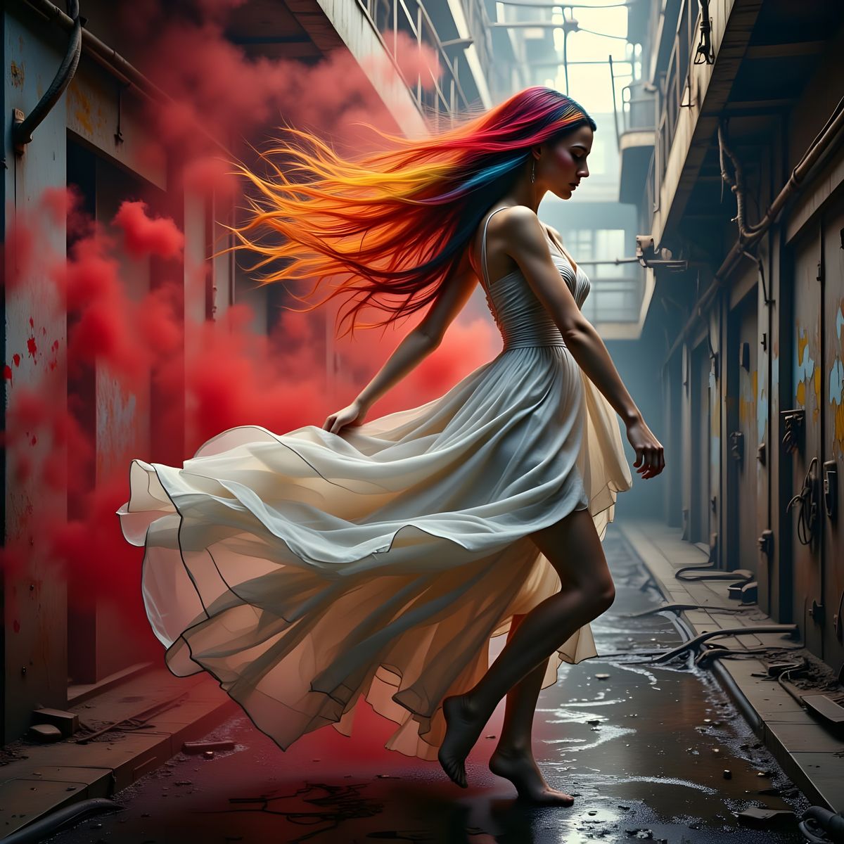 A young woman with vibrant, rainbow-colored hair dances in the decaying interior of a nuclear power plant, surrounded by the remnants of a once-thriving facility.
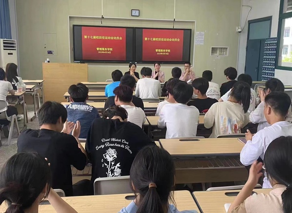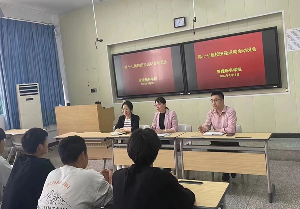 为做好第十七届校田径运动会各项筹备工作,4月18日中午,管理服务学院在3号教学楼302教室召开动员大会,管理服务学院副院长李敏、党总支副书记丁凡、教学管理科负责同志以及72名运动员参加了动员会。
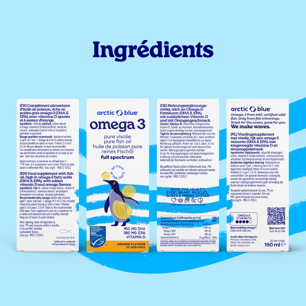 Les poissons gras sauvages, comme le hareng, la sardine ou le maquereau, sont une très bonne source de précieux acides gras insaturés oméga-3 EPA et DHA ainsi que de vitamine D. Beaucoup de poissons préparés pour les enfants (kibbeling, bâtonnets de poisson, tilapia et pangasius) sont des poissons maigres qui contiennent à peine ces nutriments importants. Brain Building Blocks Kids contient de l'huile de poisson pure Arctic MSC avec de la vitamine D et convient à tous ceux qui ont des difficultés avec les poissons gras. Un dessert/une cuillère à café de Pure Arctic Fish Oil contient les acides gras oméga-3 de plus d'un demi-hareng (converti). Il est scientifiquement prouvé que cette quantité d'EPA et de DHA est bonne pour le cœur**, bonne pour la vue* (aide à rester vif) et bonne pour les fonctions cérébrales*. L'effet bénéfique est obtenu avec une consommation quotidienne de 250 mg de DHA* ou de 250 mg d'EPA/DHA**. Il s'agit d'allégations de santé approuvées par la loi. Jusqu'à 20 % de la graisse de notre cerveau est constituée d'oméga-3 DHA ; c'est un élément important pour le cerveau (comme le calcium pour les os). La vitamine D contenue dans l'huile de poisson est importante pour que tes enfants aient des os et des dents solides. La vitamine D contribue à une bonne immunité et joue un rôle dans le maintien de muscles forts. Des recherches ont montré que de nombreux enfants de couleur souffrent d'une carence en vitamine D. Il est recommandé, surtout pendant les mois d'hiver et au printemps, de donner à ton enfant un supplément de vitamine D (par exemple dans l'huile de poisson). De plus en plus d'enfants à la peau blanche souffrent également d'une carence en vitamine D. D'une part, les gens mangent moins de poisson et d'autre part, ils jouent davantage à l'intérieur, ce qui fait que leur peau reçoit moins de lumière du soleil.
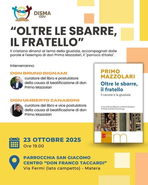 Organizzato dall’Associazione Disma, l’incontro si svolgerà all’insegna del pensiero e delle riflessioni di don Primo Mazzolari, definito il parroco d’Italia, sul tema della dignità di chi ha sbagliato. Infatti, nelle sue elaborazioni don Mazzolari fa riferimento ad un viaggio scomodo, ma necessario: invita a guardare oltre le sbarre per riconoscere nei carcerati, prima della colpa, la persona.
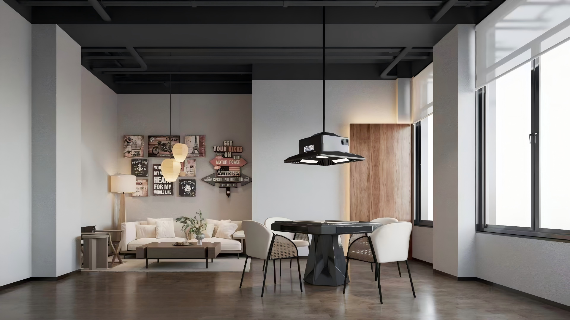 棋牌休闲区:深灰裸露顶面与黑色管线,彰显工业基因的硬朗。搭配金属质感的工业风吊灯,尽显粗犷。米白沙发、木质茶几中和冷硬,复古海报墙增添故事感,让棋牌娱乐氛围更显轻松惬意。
-.-.-
What to produce: Each record needs to be reproduced exactly, and no image should be carried over.

Solution to the problem:
 A young woman with vibrant, rainbow-colored hair dances in the decaying interior of a nuclear power plant, surrounded by the remnants of a once-thriving facility.
 为做好第十七届校田径运动会各项筹备工作,4月18日中午,管理服务学院在3号教学楼302教室召开动员大会,管理服务学院副院长李敏、党总支副书记丁凡、教学管理科负责同志以及72名运动员参加了动员会。
 Les poissons gras sauvages, comme le hareng, la sardine ou le maquereau, sont une très bonne source de précieux acides gras insaturés oméga-3 EPA et DHA ainsi que de vitamine D. Beaucoup de poissons préparés pour les enfants (kibbeling, bâtonnets de poisson, tilapia et pangasius) sont des poissons maigres qui contiennent à peine ces nutriments importants. Brain Building Blocks Kids contient de l'huile de poisson pure Arctic MSC avec de la vitamine D et convient à tous ceux qui ont des difficultés avec les poissons gras. Un dessert/une cuillère à café de Pure Arctic Fish Oil contient les acides gras oméga-3 de plus d'un demi-hareng (converti). Il est scientifiquement prouvé que cette quantité d'EPA et de DHA est bonne pour le cœur**, bonne pour la vue* (aide à rester vif) et bonne pour les fonctions cérébrales*. L'effet bénéfique est obtenu avec une consommation quotidienne de 250 mg de DHA* ou de 250 mg d'EPA/DHA**. Il s'agit d'allégations de santé approuvées par la loi. Jusqu'à 20 % de la graisse de notre cerveau est constituée d'oméga-3 DHA ; c'est un élément important pour le cerveau (comme le calcium pour les os). La vitamine D contenue dans l'huile de poisson est importante pour que tes enfants aient des os et des dents solides. La vitamine D contribue à une bonne immunité et joue un rôle dans le maintien de muscles forts. Des recherches ont montré que de nombreux enfants de couleur souffrent d'une carence en vitamine D. Il est recommandé, surtout pendant les mois d'hiver et au printemps, de donner à ton enfant un supplément de vitamine D (par exemple dans l'huile de poisson). De plus en plus d'enfants à la peau blanche souffrent également d'une carence en vitamine D. D'une part, les gens mangent moins de poisson et d'autre part, ils jouent davantage à l'intérieur, ce qui fait que leur peau reçoit moins de lumière du soleil.
 Organizzato dall’Associazione Disma, l’incontro si svolgerà all’insegna del pensiero e delle riflessioni di don Primo Mazzolari, definito il parroco d’Italia, sul tema della dignità di chi ha sbagliato. Infatti, nelle sue elaborazioni don Mazzolari fa riferimento ad un viaggio scomodo, ma necessario: invita a guardare oltre le sbarre per riconoscere nei carcerati, prima della colpa, la persona.
 棋牌休闲区:深灰裸露顶面与黑色管线,彰显工业基因的硬朗。搭配金属质感的工业风吊灯,尽显粗犷。米白沙发、木质茶几中和冷硬,复古海报墙增添故事感,让棋牌娱乐氛围更显轻松惬意。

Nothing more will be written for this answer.